Additionally, to compare regional emission levels, we analyzed emission inventory data from other provinces, such as Guangdong and Shaanxi (Li et al., 2023; Bo et al., 2023). The results indicate that Henan Province generally exhibits higher emissions of most pollutants. It can be explained by differences in industrial and energy structures. As a major agricultural and industrial province in Central China, our study region relies heavily on coal and maintains intensive agricultural activities, which contribute to elevated emissions of SO2, NOx, NH3, and CH4. In contrast, Guangdong benefits from a cleaner energy structure and an economy dominated by the service sector, thereby reducing emissions. Although Shaanxi possesses a substantial industrial base, with the primary sector accounting for 7.8 %, the secondary sector for 47.6 %, and the tertiary sector for 44.6 % (SPBS, 2023), its industrial structure differs significantly from that of Henan. Coal mining constitutes a large proportion of Shaanxi's industrial structure, with annual raw coal production consistently ranking third nationally. Additionally, Shaanxi has a lower vehicle ownership compared to Henan, resulting in emission differences between the two provinces.

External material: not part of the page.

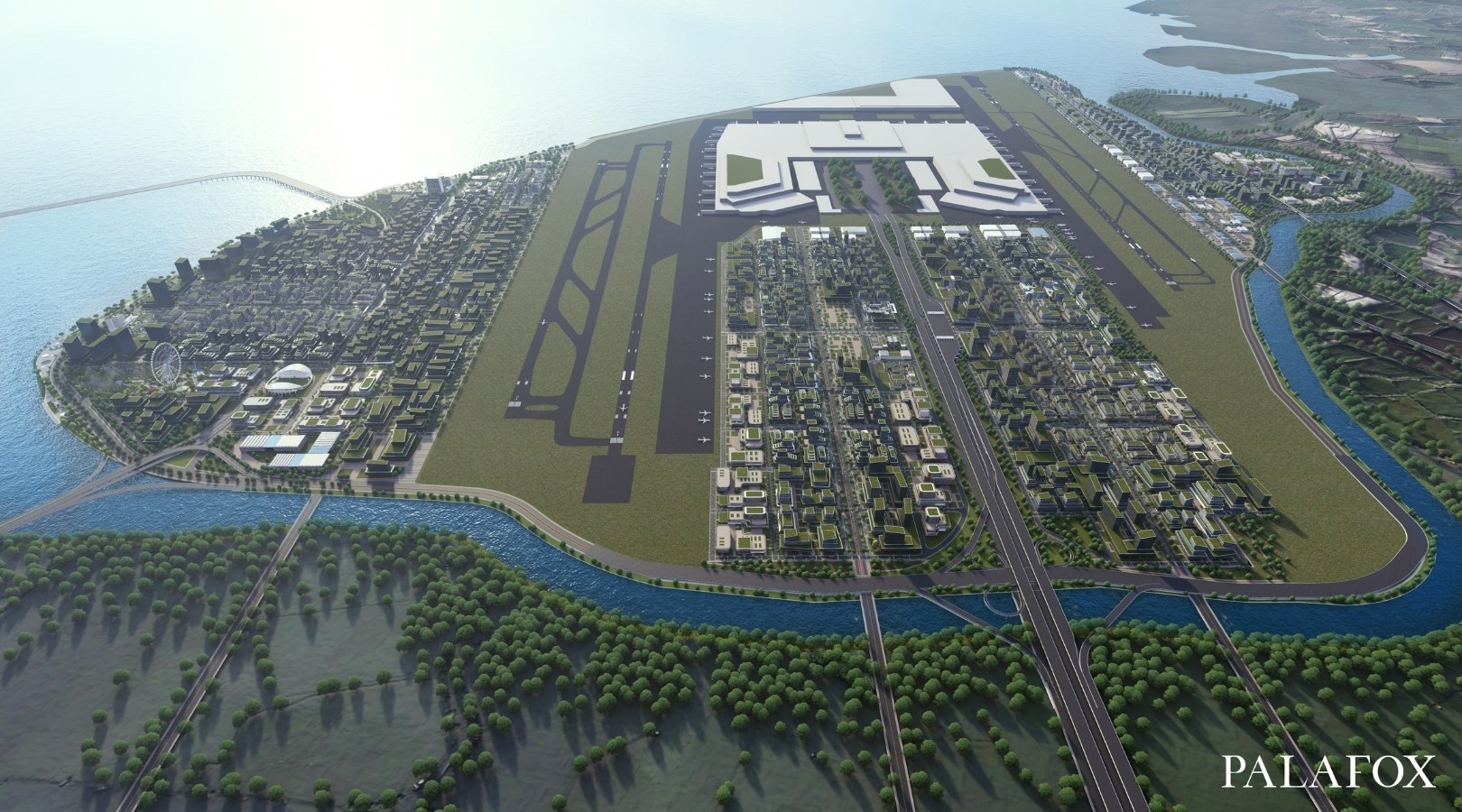 “Bulacan Aerotropolis is a proposed airport-driven city in the province of Bulacan highlighting accessibility, connectivity, and mobility. It will feature wide boulevards filled with landscaping, greenery, and dedicated lanes for mass transportation, biking, active frontages, and pedestrian walkways. It will also feature buildings interconnected by skywalks, and ideally would generate more access and connectivity between buildings and increase floor area for safe and comfortable urban-designed public spaces. These skywalks can also potentially become micro-solar farms, using renewable energy to power street lights and other urban design fixtures that contribute to pedestrian comfort and safety. Among other concepts around green architecture and green urbanism, the plan also introduces waterfront development as a way to protect the site from storm surge but at the same time functions as an environmental sanctuary and a submersible green space, and increase more frontages that utilize the coastline. It would also help in the plan that greenspaces are always within 15 min. walking distance at any point in the city.”

3.3.2 Uncertainty analysis
Uncertainties in emission inventories arise mainly from the volatility and incompleteness of data on emission factor and activity date of emission source, as well as errors and under-representation of monitoring instruments. These issues are inherent challenges in constructing emission inventory (Super et al., 2020). This study employs the Monte Carlo simulation method to assess the uncertainty of the emission inventory. With respect to the probability distribution characteristics of emission factors, a 10 000-iteration random sampling simulation is conducted to calculate the 95 % confidence intervals for pollutant emissions from each source category (Table 3). Among all pollutants, the emissions of NH3, VOCs, and N2O show relatively high uncertainty. This is mainly due to the limited representativeness of emission factors and difficulties in collecting reliable activity data. For NH3, the main source of uncertainty lies in activity data, with waste treatment showing the highest uncertainty (−73 %, 75 %), followed by agriculture (−54 %, 52 %). The primary reason is the complexity of emission processes and challenges in accurate monitoring. In waste treatment, different treatment technologies and variable waste composition contribute to emission uncertainties (Zheng et al., 2012). In agricultural activities, varying fertilization practices and changing climatic conditions significantly influence NH3 volatilization, while farmers often lack detailed fertilization records (Lessmann et al., 2025). These factors collectively contribute to the substantial uncertainty in emission data. For VOCs, uncertainty mainly arises from the applicability of emission factors. In sectors such as mobile source and oil storage and transportation, emission levels vary widely due to vehicle conditions, fuel quality, and equipment aging, resulting in an uncertainty of up to −65 % and 63 %. For N2O, uncertainty is primarily concentrated in agricultural source. Data Gaps in data regarding livestock manure management – including treatment methods, storage duration, and application practices – make it challenging to accurately quantify emissions, particularly for small-scale farms (Hu et al., 2024).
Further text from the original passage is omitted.